*TASK TO CARRY OUT*: Beginning with the top line of the listing below, give again every line up to and including the line with "A striking display"; pictures do not belong in the copy.

*INFORMATION PROVIDED*:
-- -- --

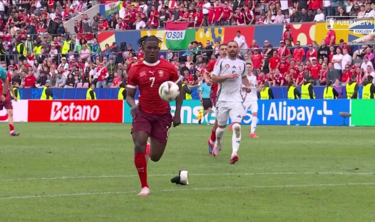 У Эмболо слетел бандаж с бедра перед голом в ворота Венгрии на 93-й. Форвард Швейцарии вышел 1 на 1 и перекинул вратаря
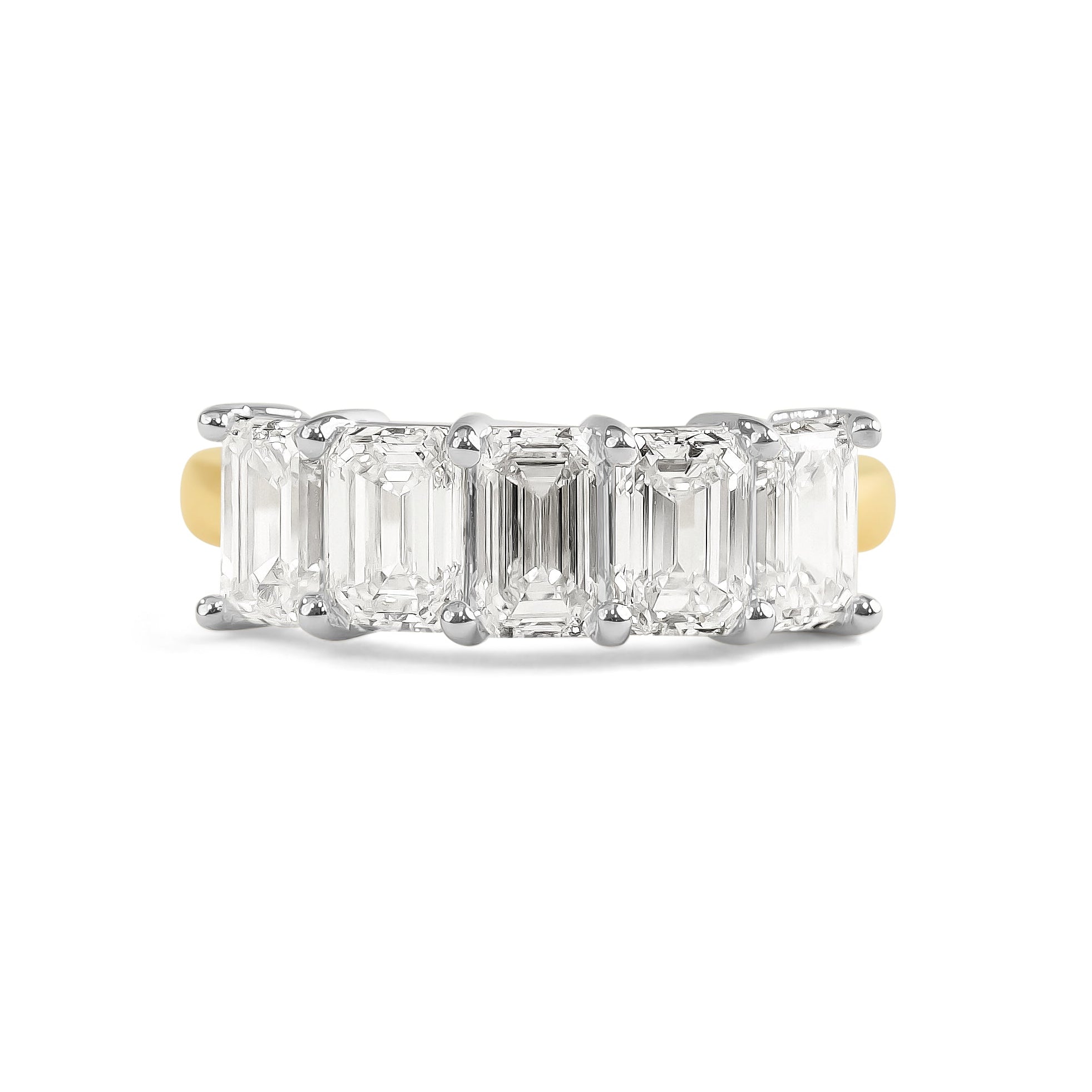 A striking display of symmetry and brilliance, this five-stone diamond ring features 2.52ct of emerald cut diamonds, F colour, VVS2–VS1 clarity, set in an elegant two-tone design of 18ct yellow and white gold. The timeless arrangement showcases each diamond’s clean lines and brilliance.
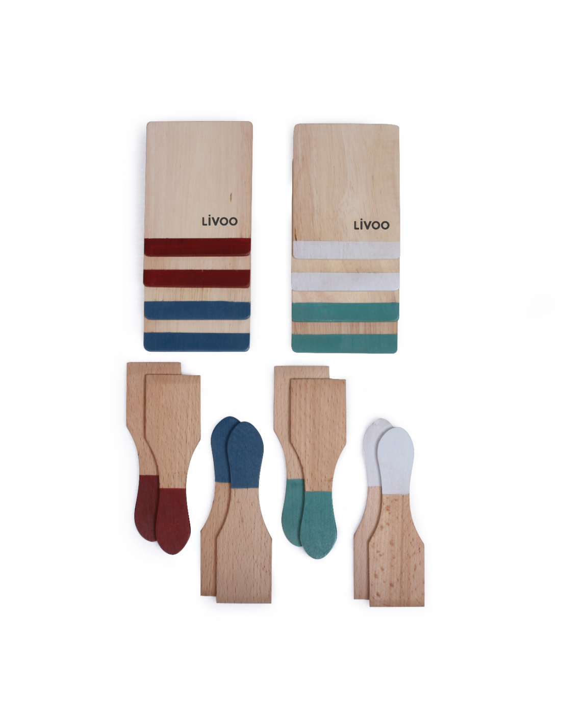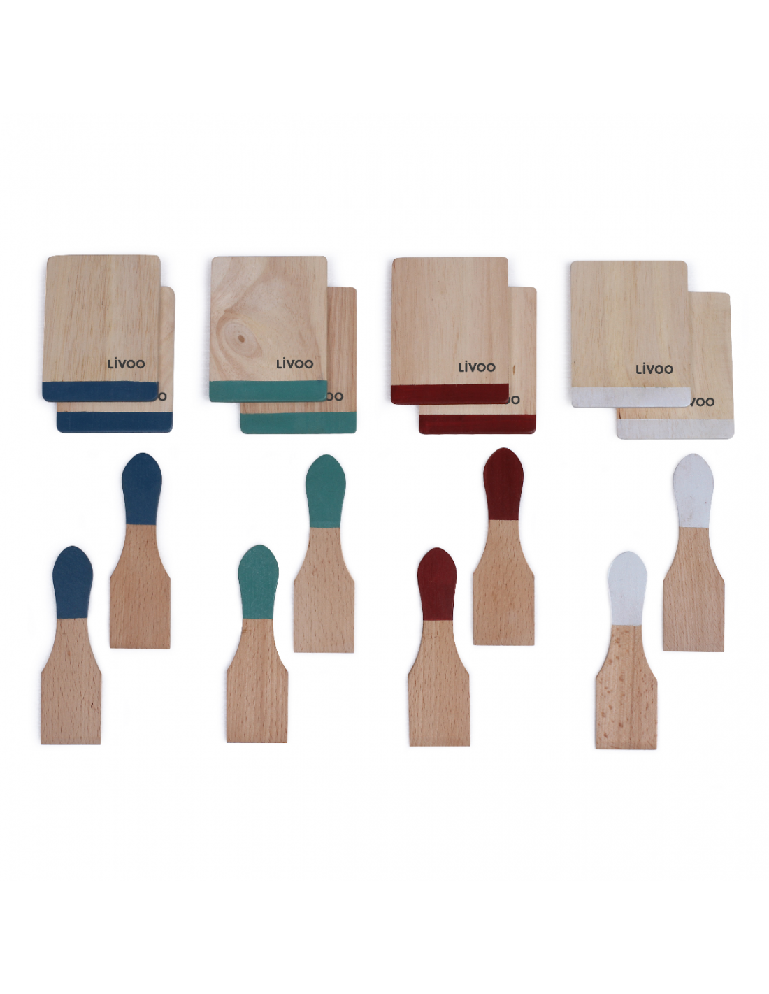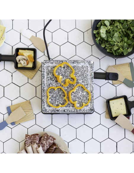 Set pour raclette contenant 8 spatules en bois pour vider les poêlons, 8 planchettes en bois pour poser les poêlons à raclette, une pochette de rangement.

-- -- --

*RESPONSE AREA*:
 У Эмболо слетел бандаж с бедра перед голом в ворота Венгрии на 93-й. Форвард Швейцарии вышел 1 на 1 и перекинул вратаря
 A striking display of symmetry and brilliance, this five-stone diamond ring features 2.52ct of emerald cut diamonds, F colour, VVS2–VS1 clarity, set in an elegant two-tone design of 18ct yellow and white gold. The timeless arrangement showcases each diamond’s clean lines and brilliance.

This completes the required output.